How big are time dilation effects? Note the shape of the curve above: γ only starts to become large at speeds close to c. At 0.99*c, γ is 7. But in many modern devices, electrons are accelerated to higher speeds than this. In a typical electron accelerator used to treat cancers, the electrons have an energy of 20 MeV (see Module 5 ). The speed of such electrons is 0.9997*c and γ is 40.

Now of course an electron cannot go much faster than this, but it can have a lot more energy. In the Large Electron-Positron collider in Europe's nuclear research lab CERN, electrons (and positrons, or anti-electrons) were accelerated to energies of 100 GeV. For such particles, v = 0.999 999 999 95*c and γ is 200,000. Yes, time is slowed down by that factor. And the momentum is increased by that factor too: something that is rather important in the design of the collider because these electrons must be turned to go in a circle.

Nature can produce even larger particle energies. Some particles striking the Earth's upper atmosphere have energies that exceed 2*10 20  eV. If such particles are protons (with mass of about 1 GeV), their speeds would be 0.999 999 999 999 999 999 999 995 c. For them, γ is 10 11 . Now the age of the universe is about 13 billion years for us, but for such particles, the age of the universe would be about (13 billion  years/10 11 ), ie about a month.

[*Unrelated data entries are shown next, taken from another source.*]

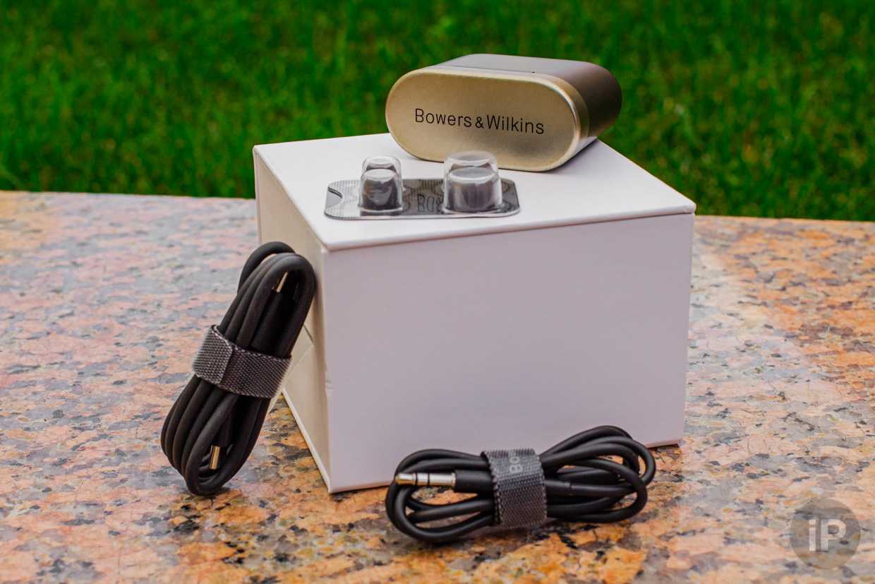 В коробку к Bowers & Wilkins PI7 помимо стандартных инструкции и гарантийного талона кладут два провода и два дополнительных размера силиконовых насадок. Блока питания нет.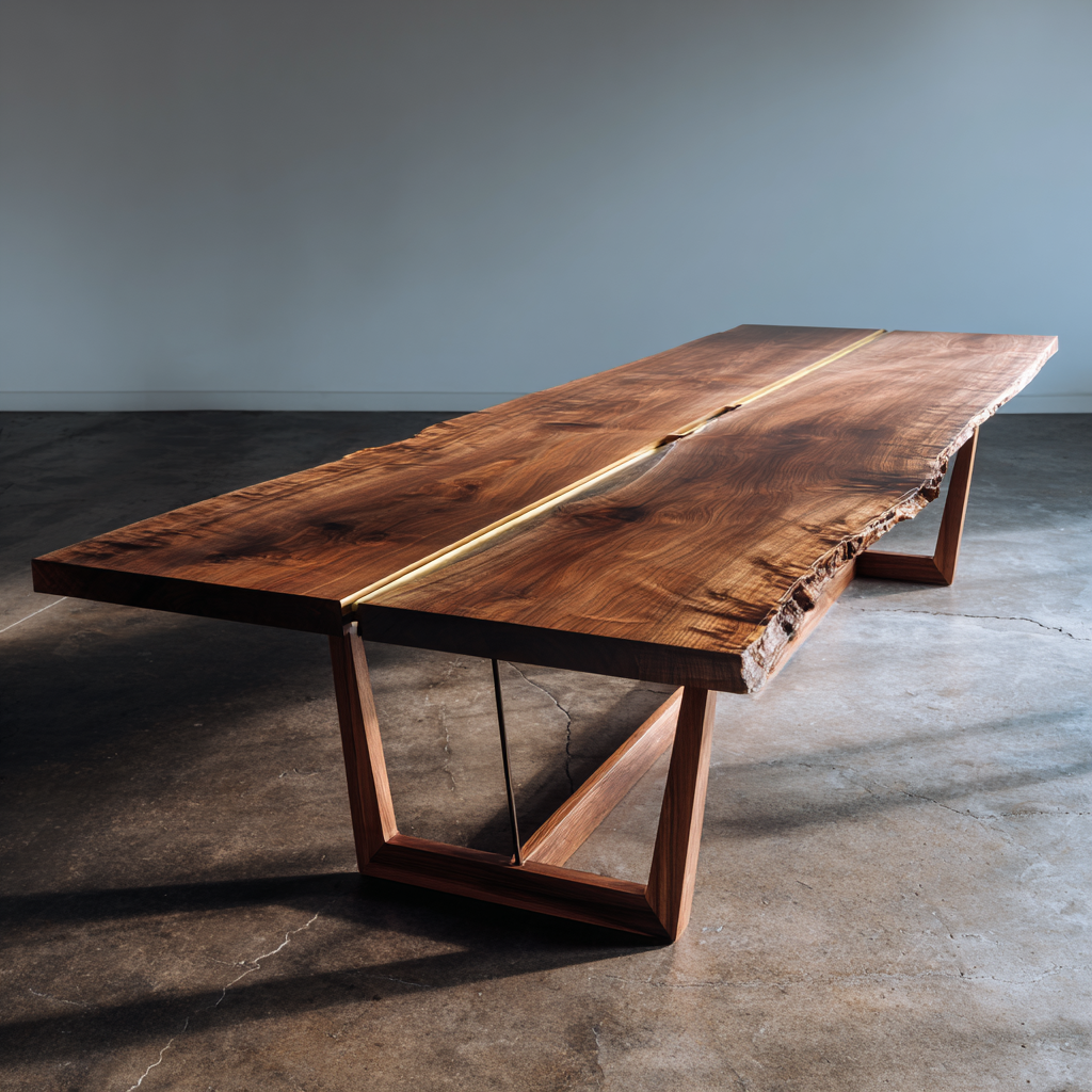 Named after the lively, sun-splashed artery that runs through San Francisco’s Mission District, the Valencia table captures the same mix of color, texture, and rhythm found on the street itself. Its bookmatched Claro Walnut slab top ripples with figure and flame, divided by a subtle inlay of solid brass that gleams like afternoon light on glass storefronts. A sculpted trestle base grounds the piece — elegant, muscular, and meant for gatherings that stretch long into the night.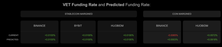 Un funding negativo en los exchanges confirmaría este escenario, pero la mayoría de plataformas presenta ratios positivos. La cuestión es que no se observan repuntes, por lo que el precio del token VET podría moverse horizontalmente por un tiempo.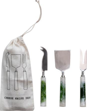 3-Piece Stainless Steel Cheese Utensils with Marbled Resin Handles, Green and White

Such a particle could cross the visible universe in a matter of months (their time).

From special relativity to general relativity

Simultaneity.

In the next animation, Jasper has set up an apparatus to make simultaneous 'events'. A little while after he presses the switch, sparks jump at the two gaps, and two pulses of light travel towards him. (Note that the sparks are not simultaneous with the switch: the electric field in the circuit cannot travel faster than light.) The spark gaps are equidistant from Jasper, the light pulses arrive simultaneously, so he concludes that the two events (the two spark emissions) occurred simultaneously. As we'll see later, relative simultaneity can only be noticeable for events that are well separated in space, but close in time. For this reason, we asked Jasper to set up the spark gaps a long way apart, and so as to observe the small time effect, we've slowed everything down in this animation, compared to the previous ones, just for clarity.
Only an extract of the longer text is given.